Hari itu juga aku, de Ais, dan Anggalung bertemu untuk ke dua kalinya. Kali ini kami saling sapa di Plaza Blok M. Ada cerita riweuh tentang sholat disana. Aku tidak suka toiletnya. Tidak asik. Tanpa bidet air untuk cebok sudah cukup membuat aku memutuskan untuk menahan panggilan alam selama itu buang air kecil. Buang air besar di lingkungan dengan toilet seperti itu adalah siksaan. Ah, aku tidak mau ngomel-ngomel tentang hal ini. Toilet, tempat wudhu, dan sholat di Plaza Blok M.
Burger King,
Setelah bertempur dengan toilet, tempat wudhu, dan sholat.

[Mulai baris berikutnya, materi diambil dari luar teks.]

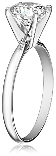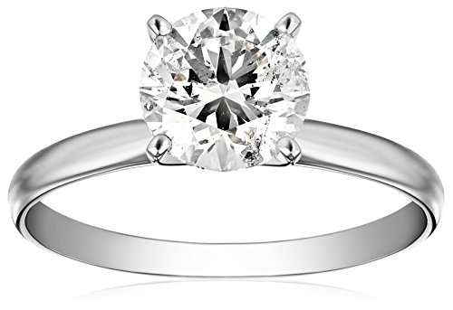 Engagement ring featuring round-cut diamond in four-prong setting and platinum band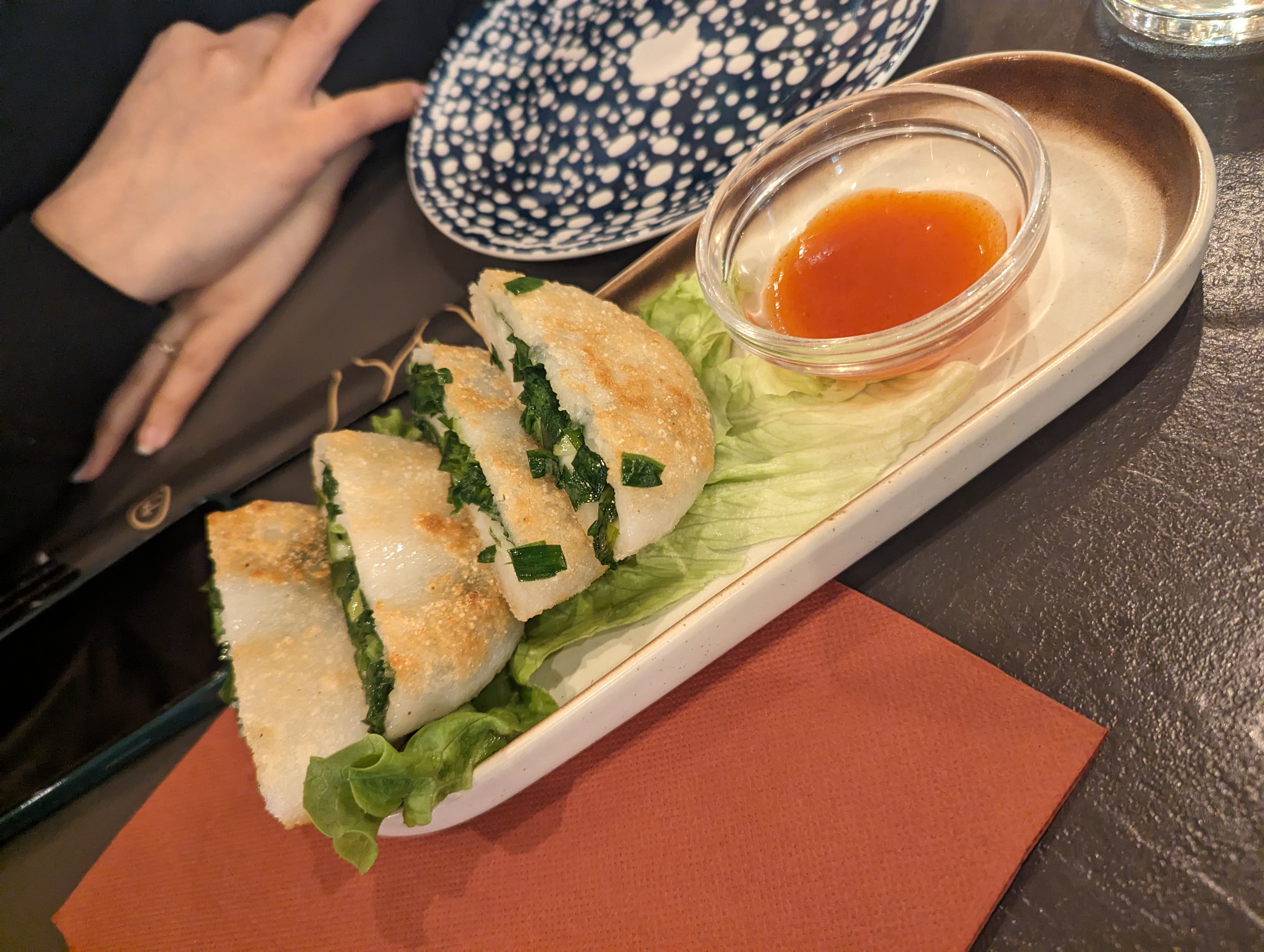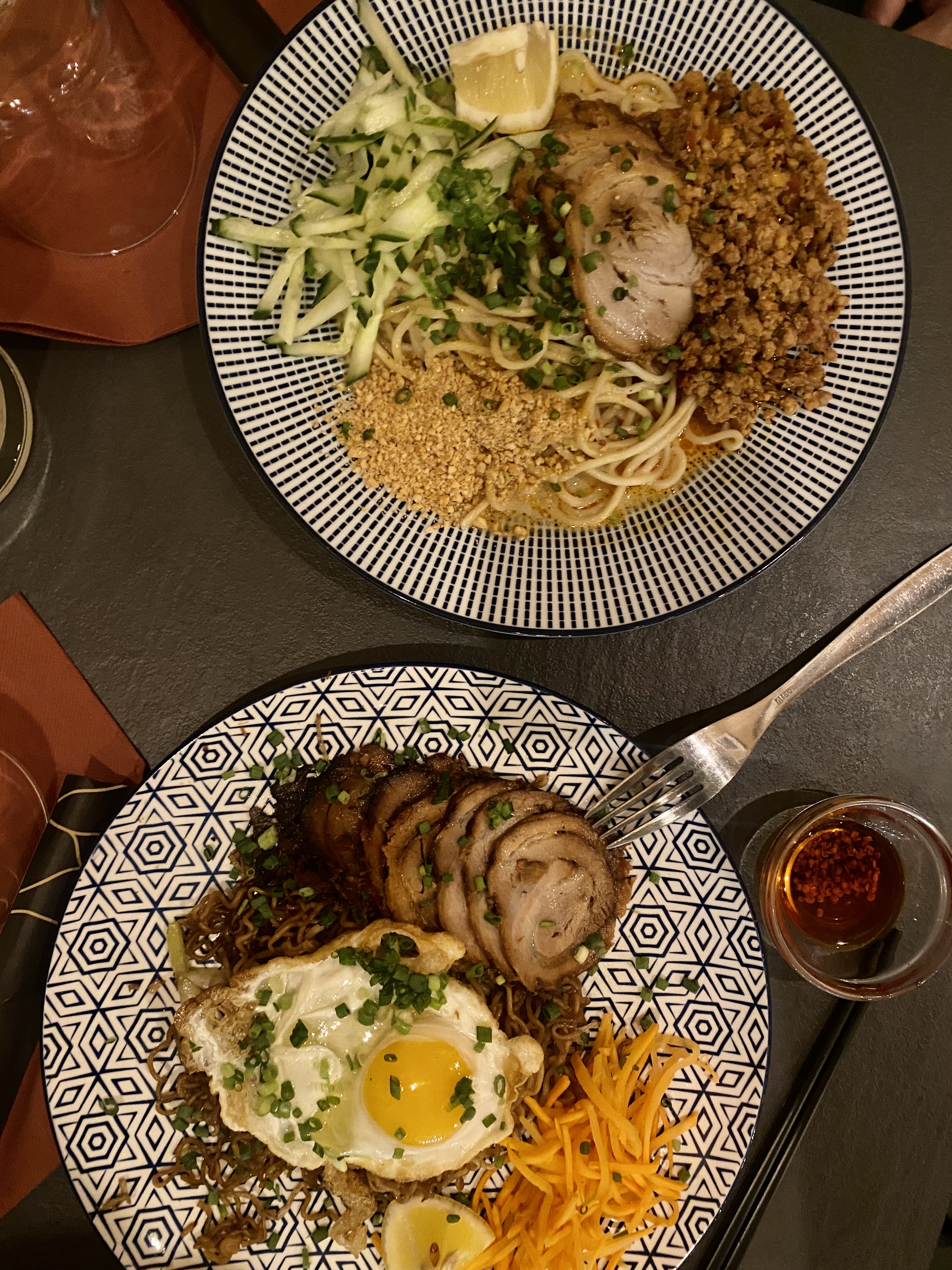 Expérience plutôt sympathique, service agréable et repas plutôt bon, rien d’extraordinaire cependant, point positif pour les options végétariennes ! Nous avons pris les wontons végétariens en entrée et la soupe de nouilles au tofu aubergines ainsi que les nouilles sèches au poulet frit en plat principal.

Aku berjalan menuju Burger King mengikuti de Ais. Berjalan bersamanya membuat aku tidak perlu berpikir mandiri mencari jalan. Hari itu pertama kalinya aku seperti melihat teman yang sudah beranjak dewasa. Dia terlihat berbeda dengan pertemuan kami pertama kali di Tebet. Seperti jiwa yang sudah tumbuh lebih tinggi.
Jiwaku masih di kelilingi oleh anak-anak yang senang tersenyum dan melakukan tingkah-tingkah sederhana pun adakalanya merasa takut. Sisi ku yang lain masih terus mempertanyakan dan mencoba untuk lebih memahami diri dan kehidupan.
Kami mengobrol. Saat menulis cerita ini aku baru sadar bahwa ia tidak bercerita apapun tentangnya. Waktu terus berjalan. Begitu pula dengan ku, adik, dan Anggalung. Akan terus ada masa dimana kami berubah. Terus akan berubah. Tidak ada yang salah dengan semua itu. Hanya sesuatu yang ku sebut 'hidup'.